Adding a New Effect Tag

1. Add to TypeScript contracts

// packages/contracts/src/effects.ts
export type EffectTag =
  | "READ_REPO"
  | "WRITE_PATCH"
  // ... existing effects ...
  | "MY_NEW_EFFECT";  // Add here

2. Add to Python models

# packages/adapter-sdk/adapter_sdk/models.py
EffectTag = Literal[
    "READ_REPO",
    "WRITE_PATCH",
    # ... existing effects ...
    "MY_NEW_EFFECT",  # Add here
]

3. Update agent scopes (if needed)

# apps/api/app/main.py
AGENT_PROFILES = {
    "Casey": {
        "allowed_effects": {"READ_REPO", "WRITE_PATCH", "MY_NEW_EFFECT"},
        # ...
    },
}

4. Update runner tool allowlist (if executable)

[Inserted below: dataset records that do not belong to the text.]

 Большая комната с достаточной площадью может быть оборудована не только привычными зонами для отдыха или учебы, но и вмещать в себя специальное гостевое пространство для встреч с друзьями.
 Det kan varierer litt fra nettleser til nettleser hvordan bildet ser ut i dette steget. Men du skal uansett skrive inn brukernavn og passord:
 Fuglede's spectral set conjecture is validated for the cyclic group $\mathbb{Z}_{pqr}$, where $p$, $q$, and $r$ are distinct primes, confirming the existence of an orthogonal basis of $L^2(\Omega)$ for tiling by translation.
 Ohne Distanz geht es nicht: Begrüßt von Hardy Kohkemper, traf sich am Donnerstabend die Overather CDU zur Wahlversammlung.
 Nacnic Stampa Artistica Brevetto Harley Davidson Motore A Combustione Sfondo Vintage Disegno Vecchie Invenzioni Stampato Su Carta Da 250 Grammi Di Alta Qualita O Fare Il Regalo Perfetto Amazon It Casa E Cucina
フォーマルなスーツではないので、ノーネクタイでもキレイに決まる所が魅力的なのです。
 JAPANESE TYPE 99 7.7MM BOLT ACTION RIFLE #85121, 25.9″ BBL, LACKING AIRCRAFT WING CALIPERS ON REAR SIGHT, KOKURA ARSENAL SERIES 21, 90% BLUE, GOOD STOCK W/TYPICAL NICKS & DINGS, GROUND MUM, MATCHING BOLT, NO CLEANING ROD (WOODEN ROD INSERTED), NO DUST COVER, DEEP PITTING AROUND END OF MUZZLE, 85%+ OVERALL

# services/runner/app/runner.py
TOOL_ALLOWLIST = {"echo", "pytest", "git", "build", "my_new_tool"}

Testing

Run full audit (recommended)

./scripts/audit.sh

This runs all tests and generates evidence in evidence/. Expected output:

  • API tests: 76 passed
  • UI tests: 36 passed
  • Final: AUDIT PASSED - GUARANTEES VERIFIED

Run API unit tests

cd apps/api
python3 -m pytest tests/ -v --tb=short

Test files:

  • test_auth_invariants.py - Authentication checks (13 tests)
  • test_governance_invariants.py - Policy enforcement (8 tests)
  • test_governance_redteam_invariants.py - Attack resistance (22 tests)
  • test_reversibility_gate_invariants.py - Reversibility + budget (33 tests)

Run UI governance tests

cd apps/ui
npm test                    # Run all tests (36 tests)
npm run test:watch          # Watch mode
npm run test:coverage       # With coverage
npm run typecheck           # Type checking only

Run syntax checks

python3 -m py_compile apps/api/app/main.py
python3 -m py_compile services/runner/app/runner.py

Run integration tests (requires API running)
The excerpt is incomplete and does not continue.